Abraham Lincoln - Biography, Achievements and Quotes


Abraham Lincoln (February 12, 1809 – April 15, 1865) was the 16th President of the United States, serving from March 1861 until his assassination in April 1865. Lincoln successfully led the United States through its greatest constitutional, military, and moral crisis—the American Civil War—preserving the Union. Reared in a poor family on the western frontier, Lincoln was mostly self-educated, and became a country lawyer, a Whig Party leader, Illinois state legislator during the 1830s, and a one-term member of the United States House of Representatives during the 1840s.

After a series of debates in 1858 that gave national visibility to his opposition to the expansion of slavery, Lincoln lost a Senate race to his arch-rival, Stephen A. Douglas.
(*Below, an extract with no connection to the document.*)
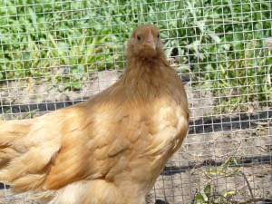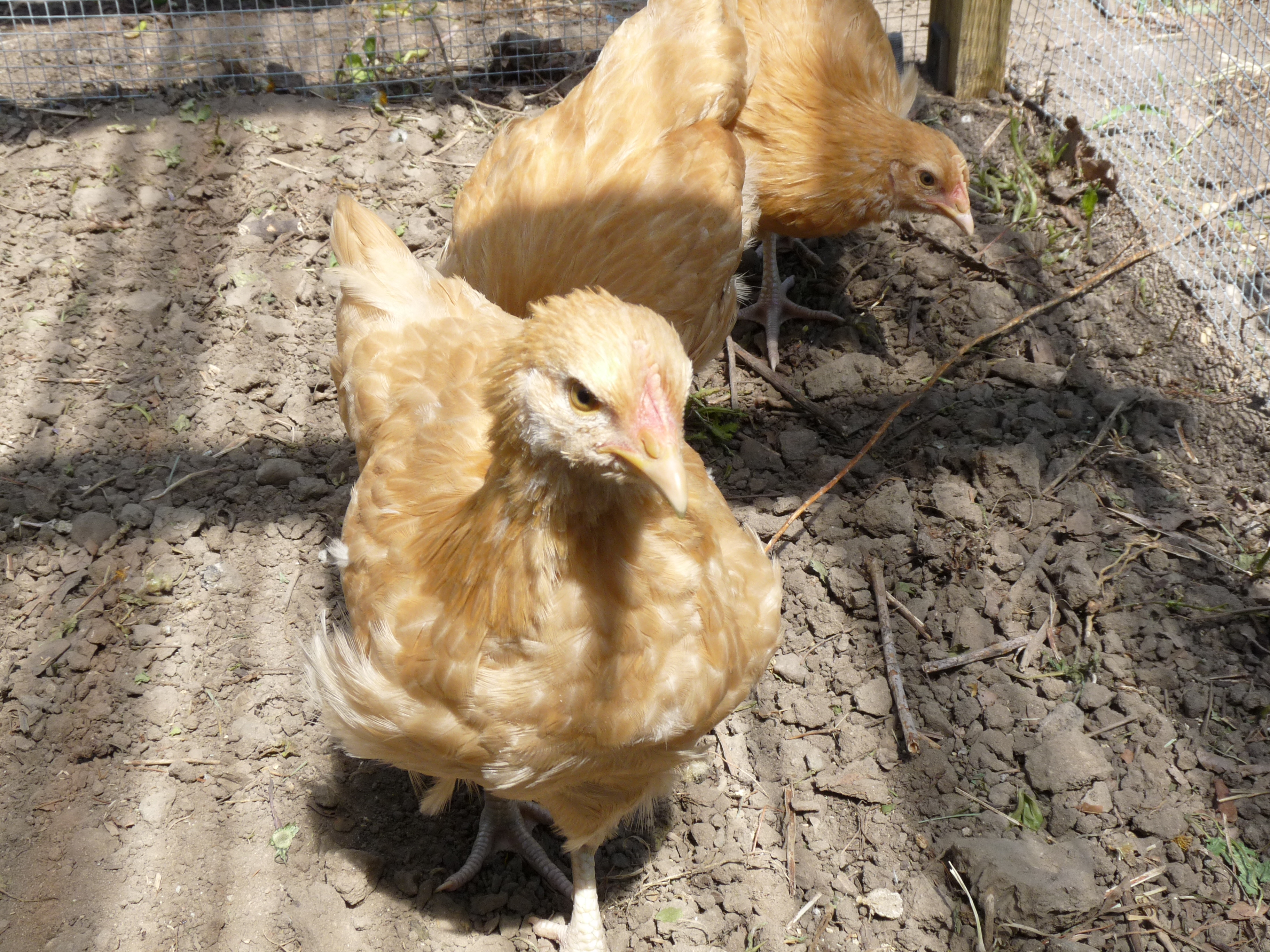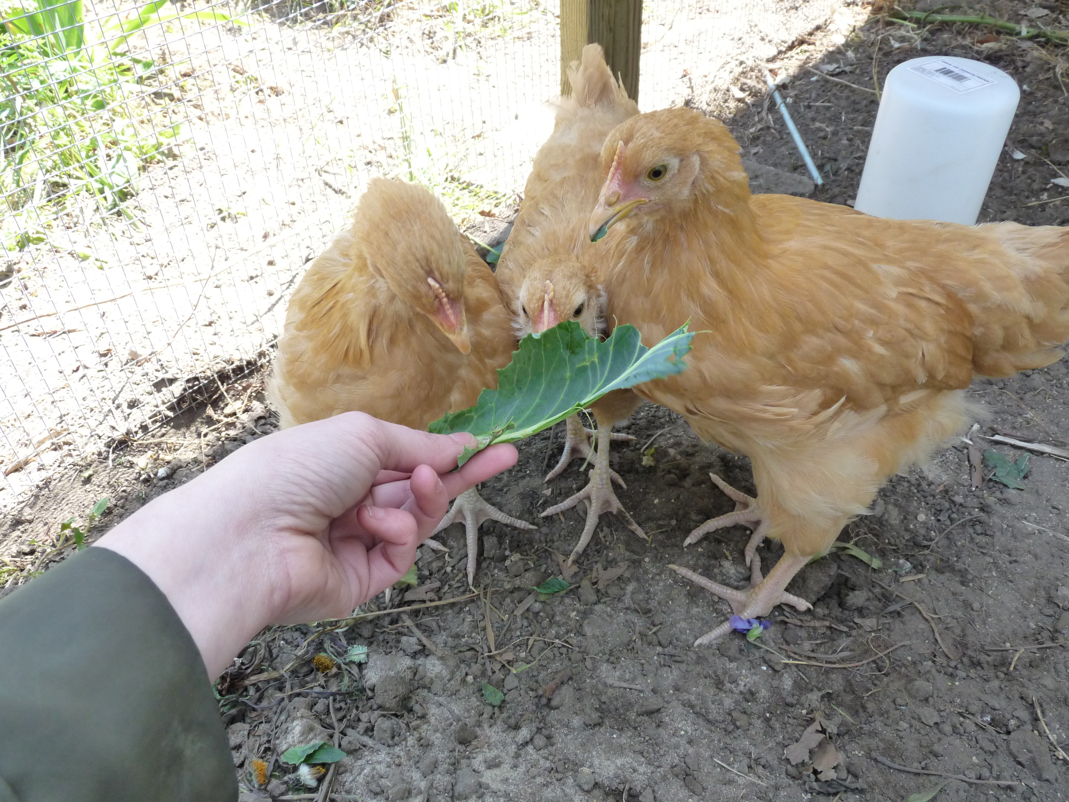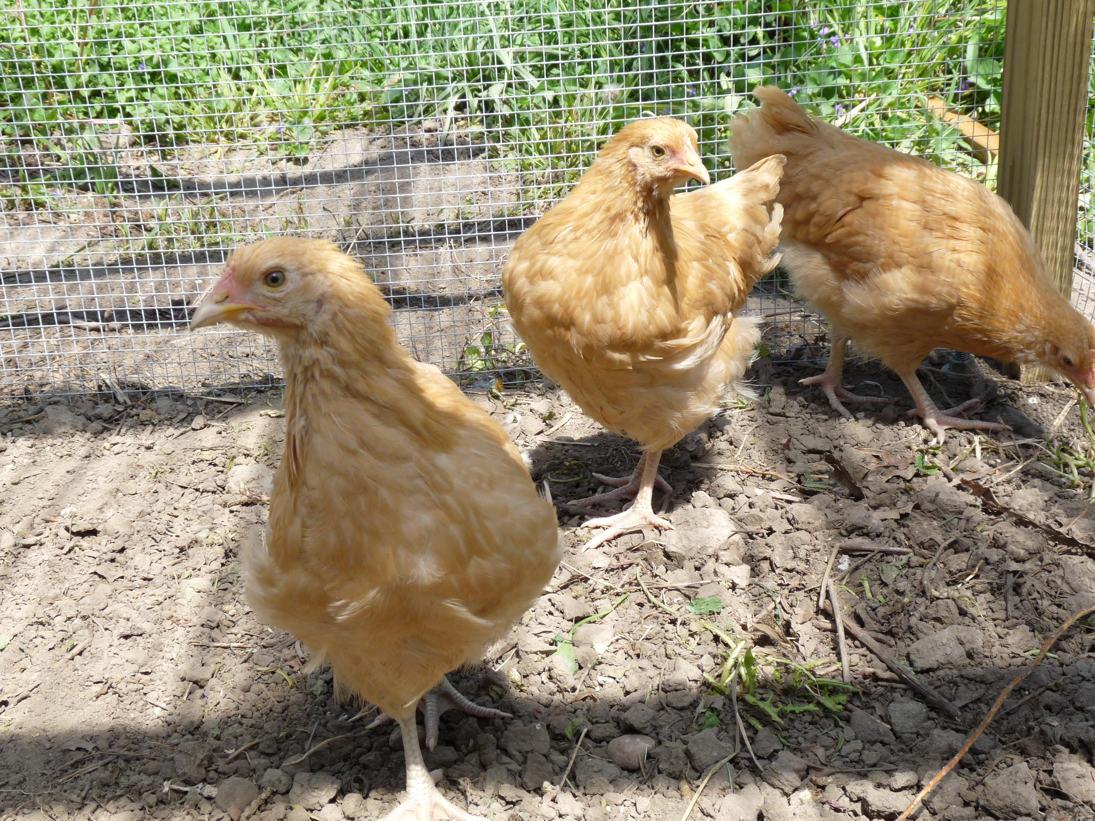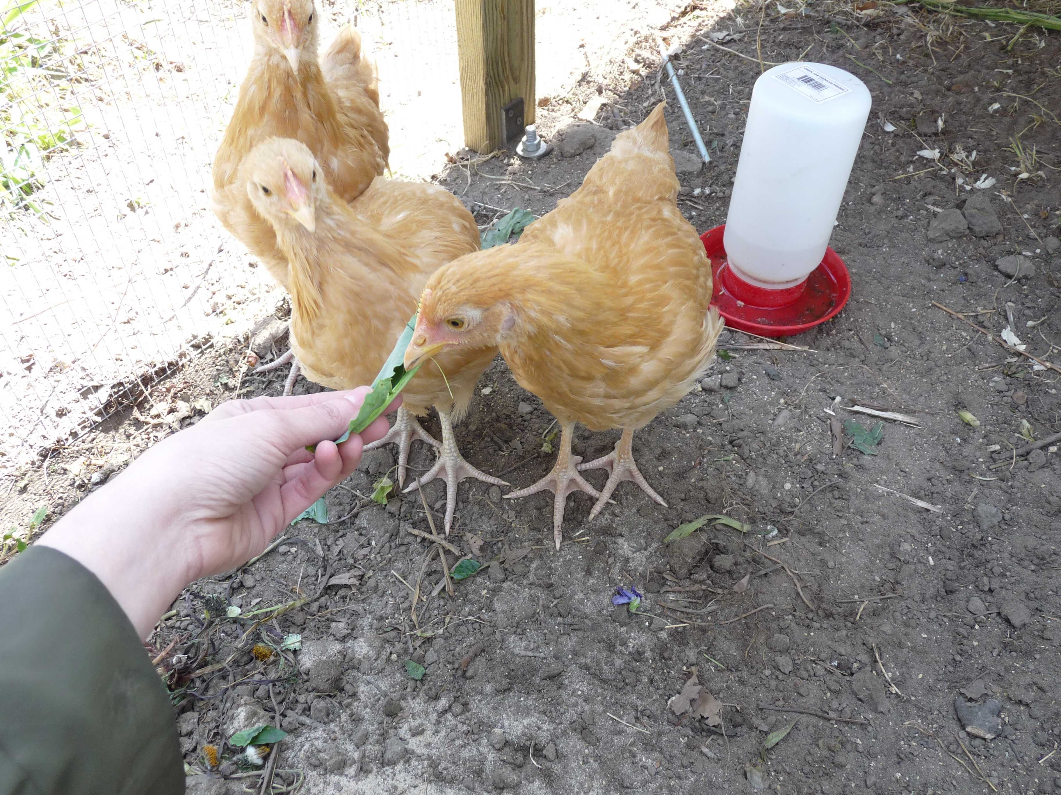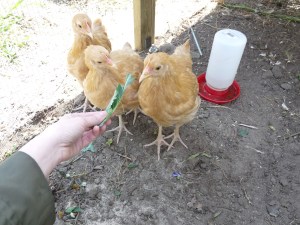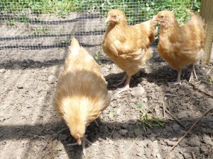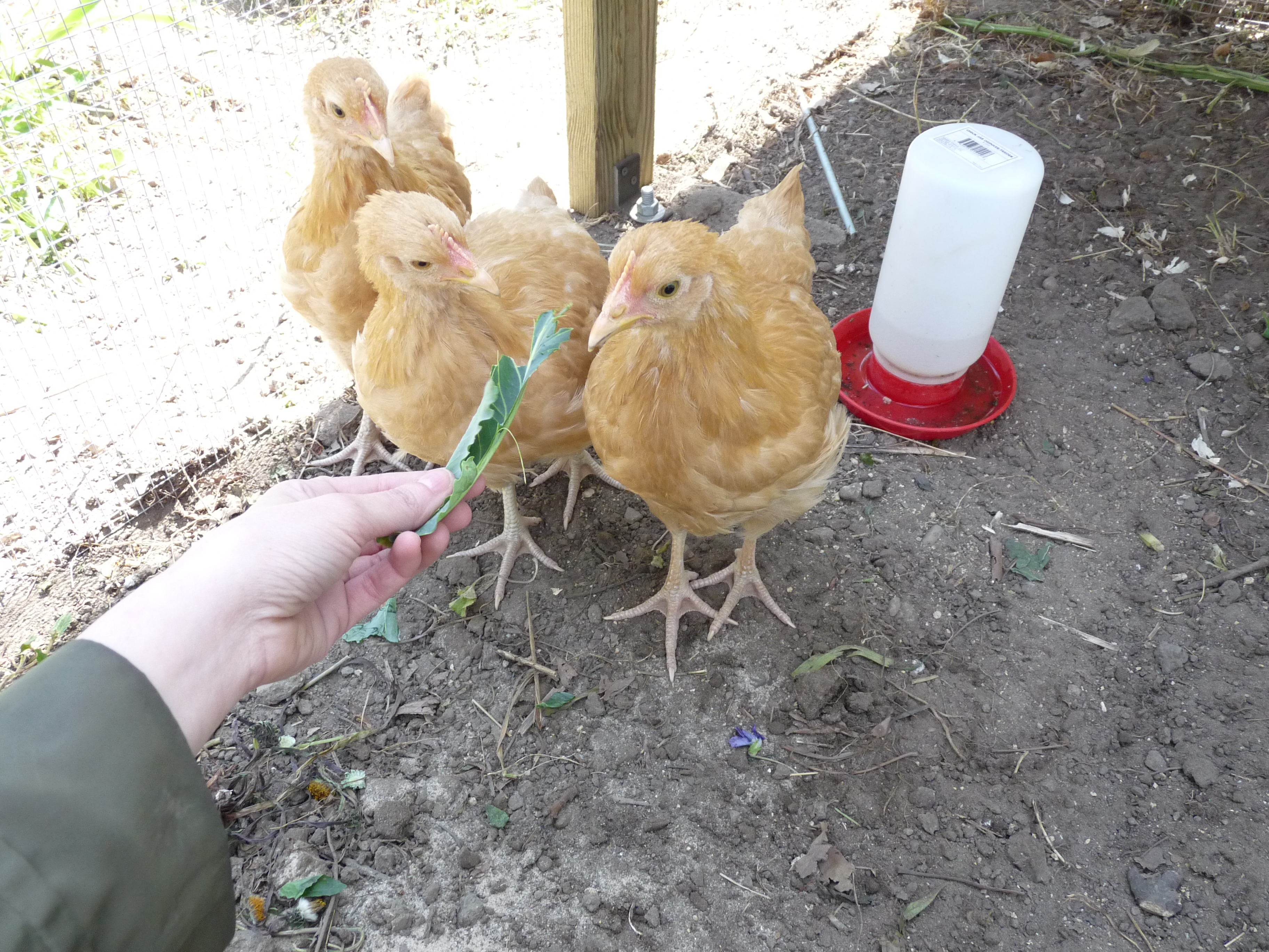 These girls are the fat orange cats of the chicken world, and as such are already getting a little spoiled.  They come running at the sight of me in the backyard, not out of affection, but because I usually have a delicious treat.  Lately it’s been dandelion greens, broccoli leaves, strawberries, and a tiny piece of ham.  I think they nearly lost their little chicken minds over that piece of ham.

Lincoln, a moderate from a swing state, secured the Republican Party presidential nomination in 1860. With almost no support in the South, Lincoln swept the North and was elected president in 1860. His election was the signal for seven southern slave states to declare their secession from the Union and form the Confederacy. 

The departure of the Southerners gave Lincoln's party firm control of Congress, but no formula for compromise or reconciliation was found. Lincoln explained in his second inaugural address: "Both parties deprecated war, but one of them would make war rather than let the Nation survive, and the other would accept war rather than let it perish, and the war came."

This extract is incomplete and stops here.